Une année pour réduire son bilan carbone, le pari pas si simple du collège de Champittet, à Pully (VD)
Une année pour réduire son bilan carbone, le pari pas si simple du collège de Champittet, à Pully (VD) / 19h30 / 5 min. / le 19 mai 2024
La RTS a suivi pendant une année les efforts du collège de Champittet à Pully, une école privée vaudoise, pour réduire son empreinte carbone. Panneaux solaires, mobilité douce ou réduction de la consommation de viande, le directeur a tout envisagé. Mais le chemin a été semé d'embûches.

L'histoire a commencé il y a tout juste un an, au printemps 2023. Philippe de Korodi, directeur général du Collège Champittet à Pully (VD), a pris une résolution importante: réduire le bilan carbone de son établissement.

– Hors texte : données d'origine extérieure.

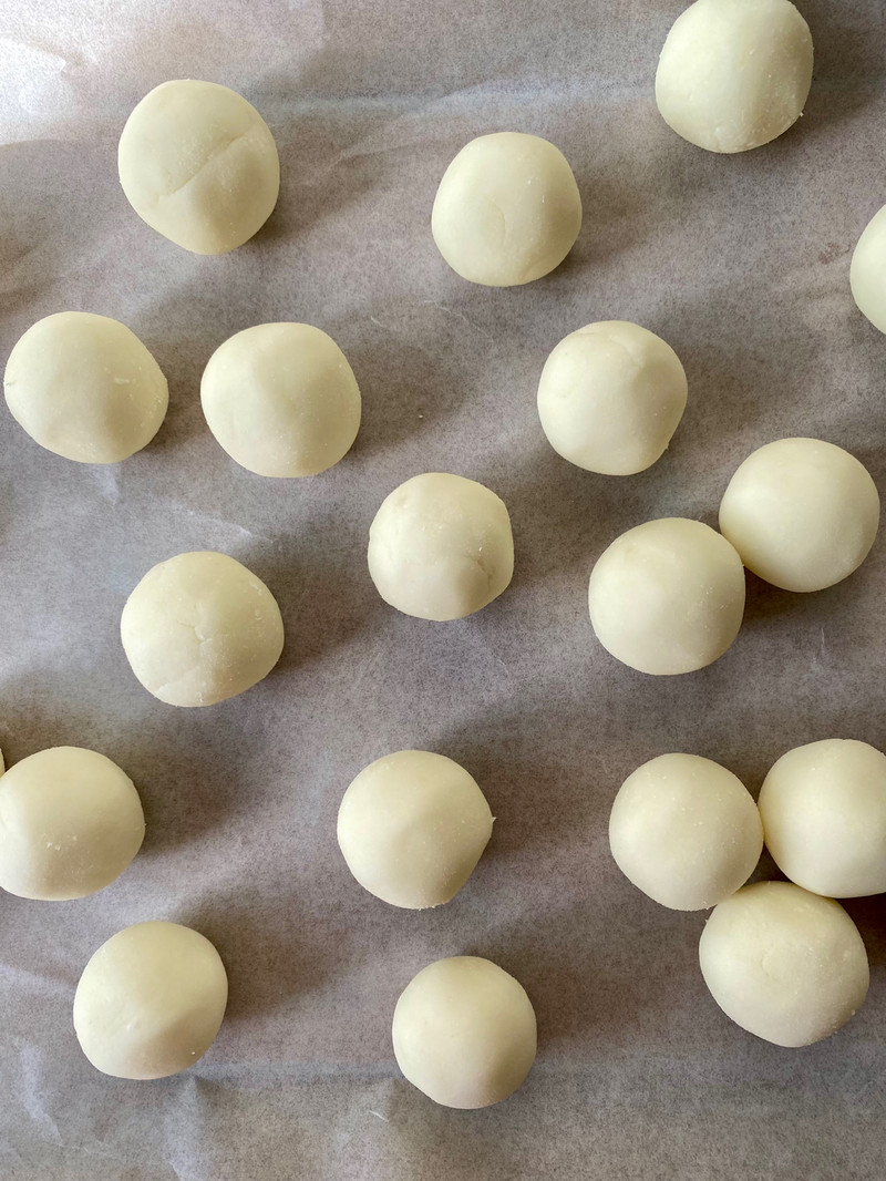 水开放入山药糯米汤圆煮熟,泡冷水备用

Interrogé dans le 19h30, il énumère les raisons qui l’ont poussé à se lancer un tel défi: "La première, c’est évidemment de lutter contre le réchauffement climatique. Ensuite, il y a un intérêt économique, lié à la sobriété. Baisser nos consommations, donc baisser nos factures d'énergie. Finalement, il y a l'aspect éducatif induit par ce raisonnement. Nous avons pour mission de former les jeunes dans cet objectif de réduction des émissions".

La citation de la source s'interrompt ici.